If you use the latest keras, the auto-inferred gpu number should be 2 and it should work correctly but not using the 3rd GPU because there is no /gpu:2 found.
The device naming of tensorflow is changing by versions so it is also possible to have such combination for a 3-GPU host:
['/xla_gpu:0', '/xla_cpu:0', '/gpu:0', '/gpu:1', '/gpu:2']
where /xla_gpu:1 and /xla_gpu:2 don't exist.
So,
the simplest is to try a Tensorflow without XLA support.
or we need to wait for the naming of Tensorflow for GPU device in all cases to be standard and fixed,
or a much complex detection logic for Tensorflow device naming in all cases should be added to the implementation of keras multi_gpu_model.
@wendingp So where do you install the tensorflow package, via pip install tensorflow-gpu==1.12.0 ?
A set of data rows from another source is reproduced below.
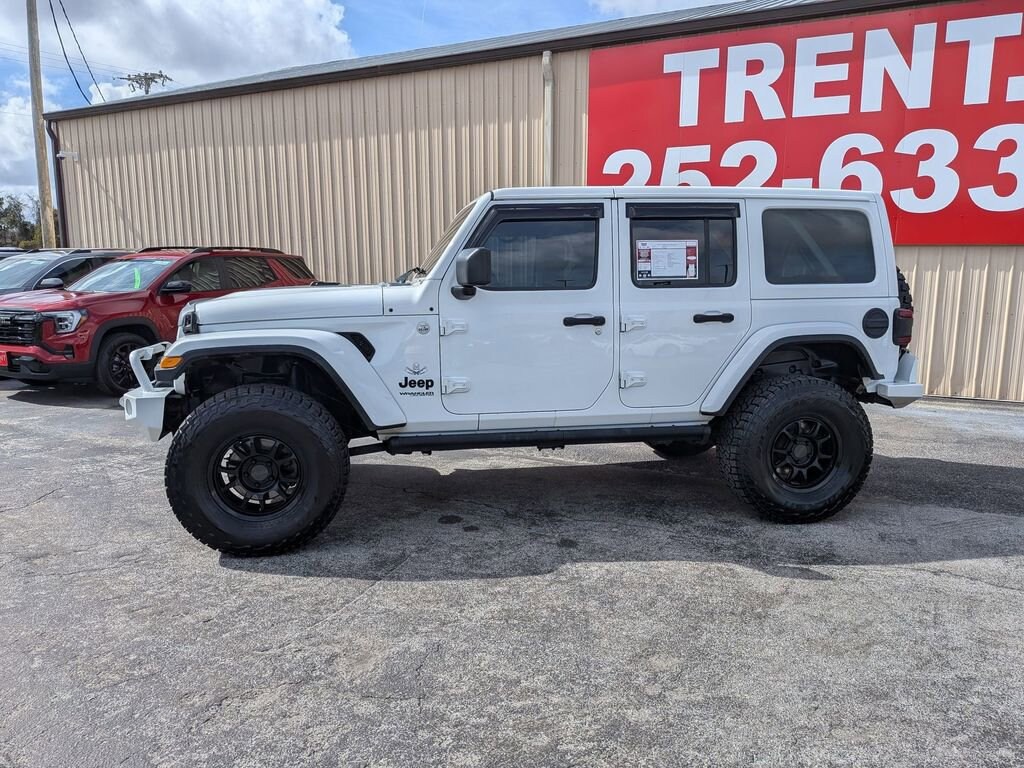 This Wrangler Unlimited Sahara Altitude is nicely equipped with 8.4 Radio & Premium Audio Group (1-Year SiriusXM Guardian Trial, 4G LTE Wi-Fi Hot Spot, 5-Year SiriusXM Traffic Service, 5-Year SiriusXM Travel Link Service, 8.4 Touchscreen Display, Alpine Premium Audio System, Auto-Dimming Rear-View Mirror, Emergency/Assistance Call, For Details, Visit DriveUconnect.com, GPS Navigation, HD Radio, Radio: Uconnect 4C Nav w/8.4 Display, SiriusXM Traffic Plus, and SiriusXM Travel Link), Cold Weather Group (Heated Front Seats and Heated Steering Wheel), Safety Group (Blind Spot & Cross Path Detection and ParkSense Rear Park Assist System), Trailer Tow & HD Electrical Group (240 Amp Alternator, 7 & 4 Pin Wiring Harness, 700 Amp Maintenance Free Battery, Auxiliary Switches, and Class II Receiver Hitch), 1-Year SiriusXM Radio Service, 3.45 Rear Axle Ratio, 4-Wheel Disc Brakes, 8 Speakers, ABS brakes, Air Conditioning, Alloy wheels, AM/FM radio: SiriusXM, Apple CarPlay, Apple CarPlay/Android Auto, Automatic temperature control, Aux Battery, Body Color 3-Piece Hard Top, Brake assist, Cloth Low-Back Bucket Seats, Compass, Delay-off headlights, Driver door bin, Driver vanity mirror, Dual front impact airbags, Dual front side impact airbags, Electronic Stability Control, Front anti-roll bar, Front Bucket Seats, Front Center Armrest w/Storage, Front dual zone A/C, Front fog lights, Front reading lights, Fully automatic headlights, Garage door transmitter, Google Android Auto, GPS Antenna Input, Heated door mirrors, Heavy Duty Suspension w/Gas Shocks, Illuminated entry, Integrated roll-over protection, Integrated Voice Command w/Bluetooth, Leather steering wheel, Low tire pressure warning, MOPAR Black Tube Steps, Non-Lock Fuel Cap w/o Discriminator, Occupant sensing airbag, Outside temperature display, Panic alarm, ParkView Rear Back-Up Camera, Passenger door bin, Passenger vanity mirror, Power door mirrors, Power steering, Power windows, Radio data system, Radio: Uconnect 4 w/7 Display, Rear anti-roll bar, Rear reading lights, Remote keyless entry, Remote Proximity Keyless Entry, Remote Start System, Security system, Speed control, Split folding rear seat, Steering wheel mounted audio controls, Stop-Start Dual Battery System, Tachometer, Telescoping steering wheel, Tilt steering wheel, Traction control, Trip computer, Variably intermittent wipers, Voltmeter, and Wheels: 18 x 7.5 Polished w/Gray SpokeS. Recent Arrival!
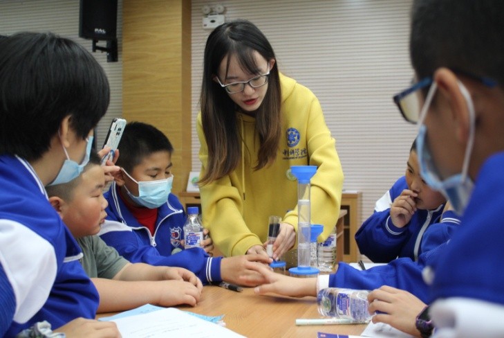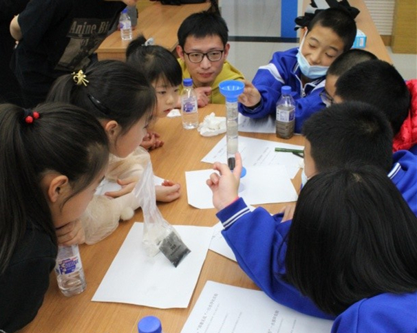 現(xiàn)場(chǎng)的實(shí)驗(yàn)分為六個(gè)小組,每個(gè)小組由研究生志愿者作為實(shí)驗(yàn)老師,進(jìn)行現(xiàn)場(chǎng)指導(dǎo)。別開(kāi)生面的科學(xué)實(shí)驗(yàn)演示、手腦并用的互動(dòng)環(huán)節(jié)、開(kāi)發(fā)創(chuàng)造性思維的提問(wèn)環(huán)節(jié),讓同學(xué)們?cè)谳p松的氛圍中親歷探究過(guò)程,獲得科學(xué)知識(shí),培養(yǎng)了熱愛(ài)科學(xué)、求真務(wù)實(shí)、友愛(ài)協(xié)作的科學(xué)精神,受到學(xué)生和老師的熱烈歡迎。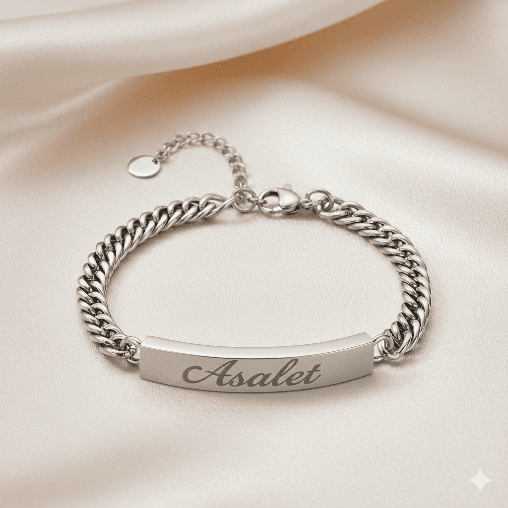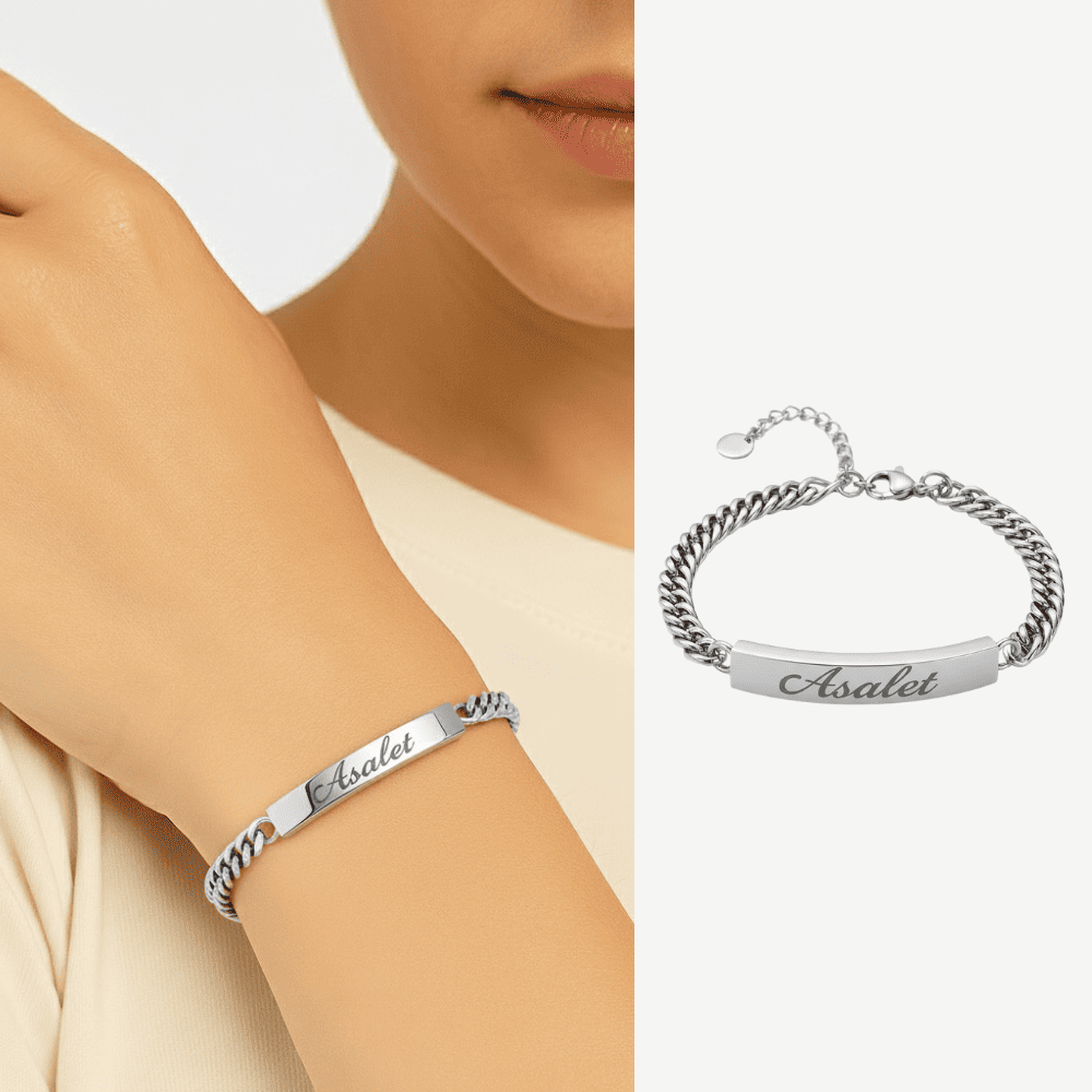 Kadın Çelik Bileklik - İsme Özel Yazılı - Gurmet Model - Gümüş Renk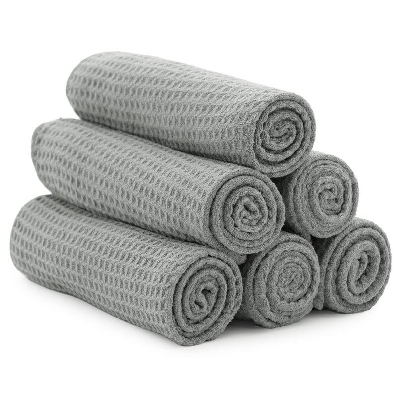 - One 6 pack of sweat towels for gym measuring 16 inches by 27 inches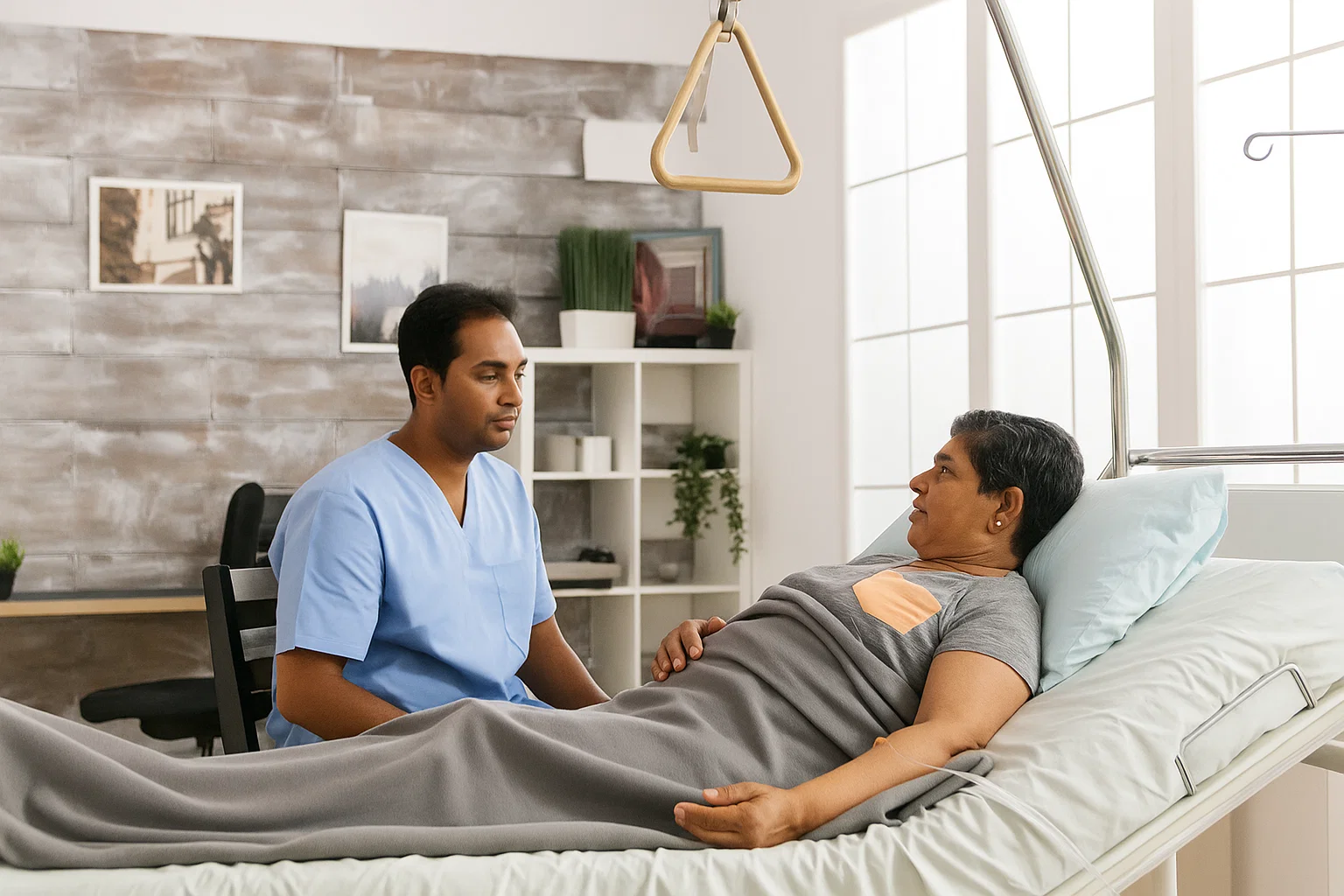Support for patients recovering from surgeries, including vitals check, medication management, and mobility assistance.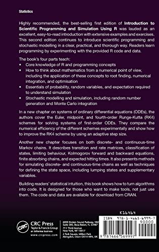Learn How to Program Stochastic Models Highly recommended, the best-selling first edition of Introduction to Scientific Programming and Simulation Using R was lauded as an excellent, easy-to-read introduction with extensive examples and exercises. This second edition continues to introduce scientific programming and stochastic modelling in a clear, practical, and thorough way. Readers learn programming by experimenting with the provided R code and data. The book’s four parts teach: Core knowledge of R and programming concepts How to think about mathematics from a numerical point of view, including the application of these concepts to root finding, numerical integration, and optimisation Essentials of probability, random variables, and expectation required to understand simulation Stochastic modelling and simulation, including random number generation and Monte Carlo integration In a new chapter on systems of ordinary differential equations (ODEs), the authors cover the Euler, midpoint, and fourth-order Runge-Kutta (RK4) schemes for solving systems of first-order ODEs. They compare the numerical efficiency of the different schemes experimentally and show how to improve the RK4 scheme by using an adaptive step size. Another new chapter focuses on both discrete- and continuous-time Markov chains. It describes transition and rate matrices, classification of states, limiting behaviour, Kolmogorov forward and backward equations, finite absorbing chains, and expected hitting times. It also presents methods for simulating discrete- and continuous-time chains as well as techniques for defining the state space, including lumping states and supplementary variables. Building readers’ statistical intuition, Introduction to Scientific Programming and Simulation Using R, Second Edition shows how to turn algorithms into code. It is designed for those who want to make tools, not just use them. The code and data are available for download from CRAN.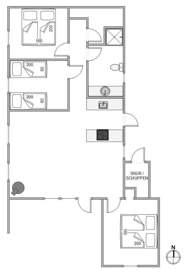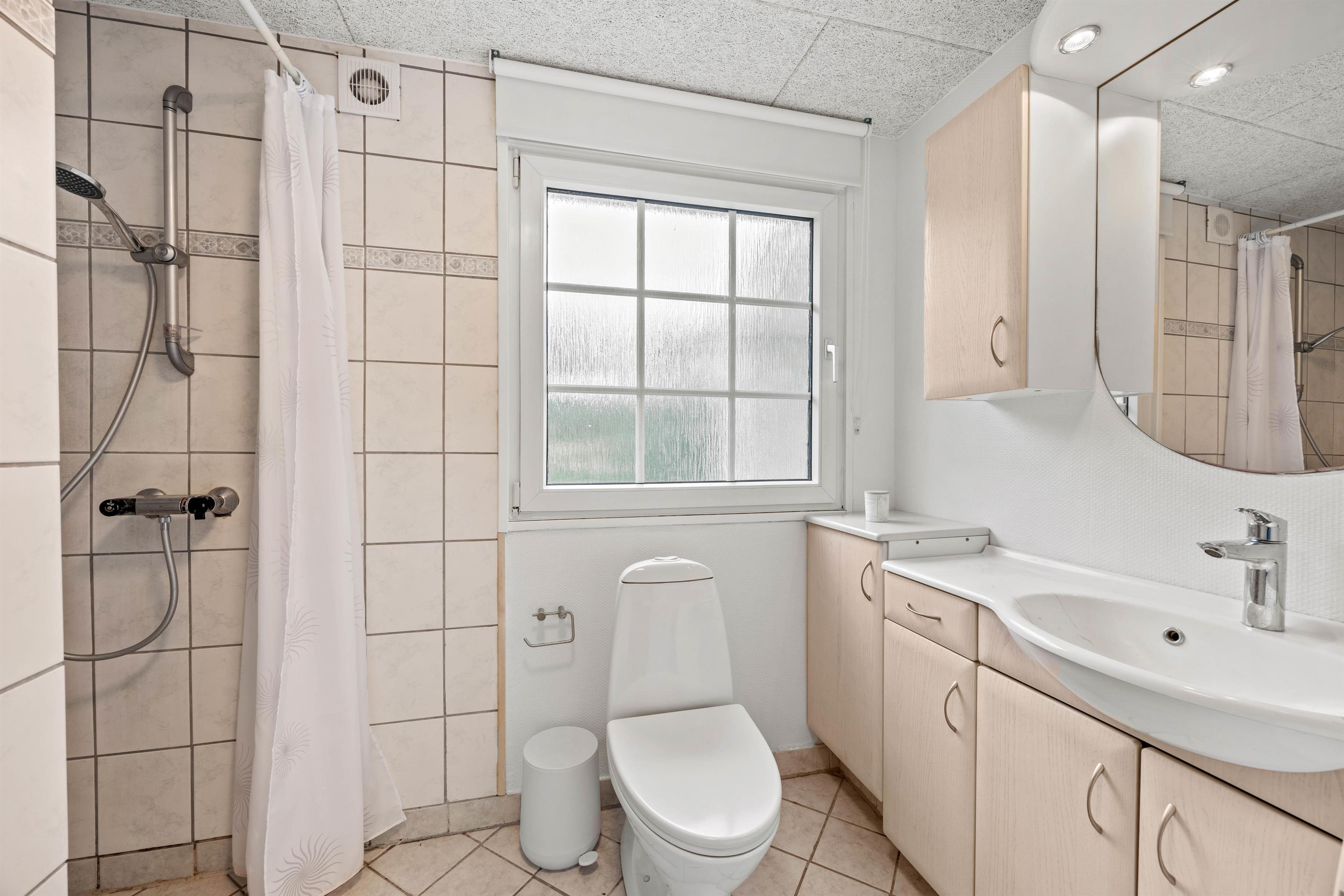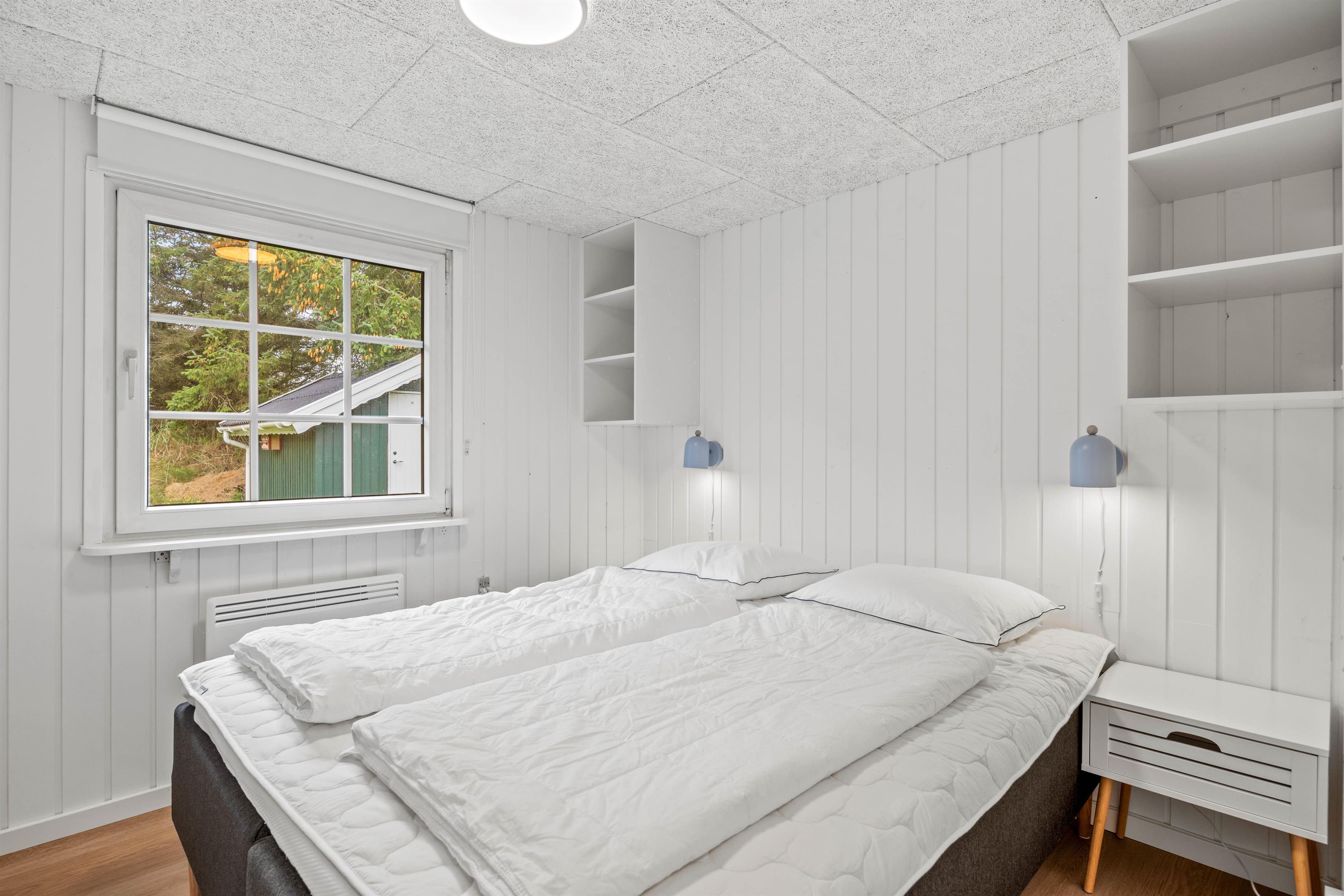 Badeværelset er enkelt indrettet med en bruser. To af de hyggelige soveværelser er udstyret med komfortable dobbeltsenge, mens det tredje soveværelse har to enkeltsenge, så alle gæster kan få en god nats søvn. Læg mærke til, at den friske vesterhavsluft gør noget godt for nattesøvnen.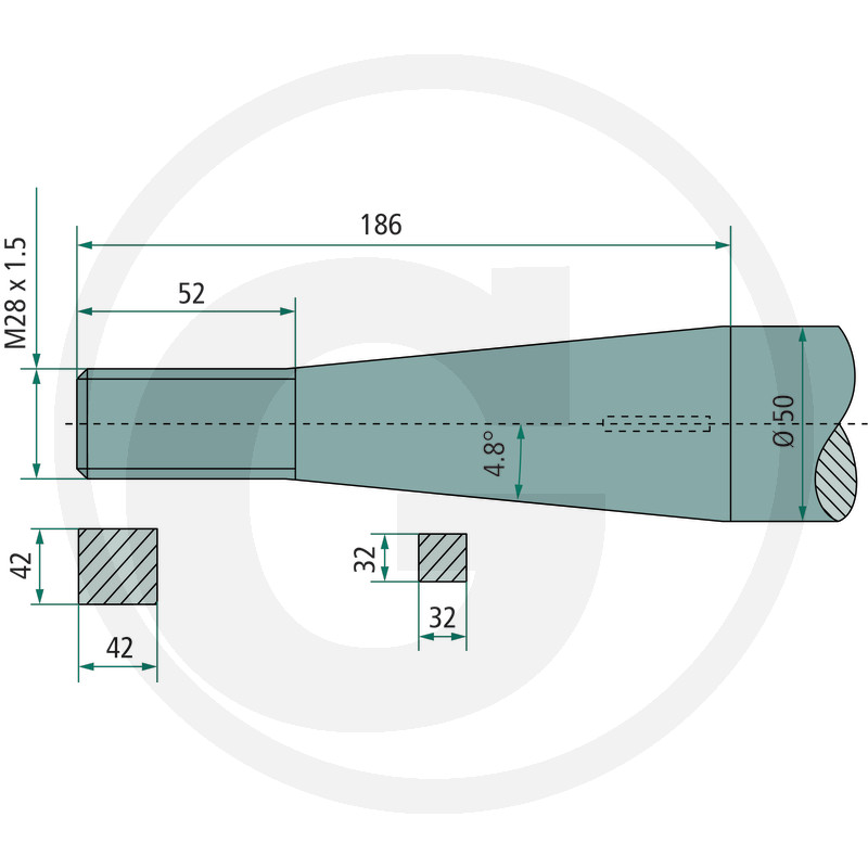 Pīķis, M28 x 1,5 mm, kvadrātveida, konuss K014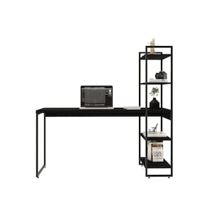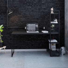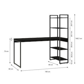 Escrivaninha com Estante Alta Estilo Industrial 150cm com 04 Prateleiras Dynamica Yescasa Preto Onix

@ghostplant previously I just used pip install tensorflow-gpu
@wendingp Yeah, the tensorflow prebuilt package seems to enable XLA option by default since 1.13.x. If you fallback to 1.12.0 which is based on cuda-9.0, XLA is not enabled, but the CUDA driver might not match so it will be a little annoying to change driver environment.
It is weird that you actually have 3 physical GPUs, but can only see /device:XLA_GPU:[0, 1, 2] and /device:GPU:[0, 1] devices (no /device:GPU:2 found)?
This is my output of tensorflow devices on multiple GPU hosts:
['/device:CPU:0', '/device:XLA_GPU:0', '/device:XLA_GPU:1', '/device:XLA_GPU:2', '/device:XLA_GPU:3', '/device:XLA_GPU:4', '/device:XLA_GPU:5', '/device:XLA_GPU:6', '/device:XLA_GPU:7', '/device:XLA_CPU:0', '/device:GPU:0', '/device:GPU:1', '/device:GPU:2', '/device:GPU:3', '/device:GPU:4', '/device:GPU:5', '/device:GPU:6', '/device:GPU:7']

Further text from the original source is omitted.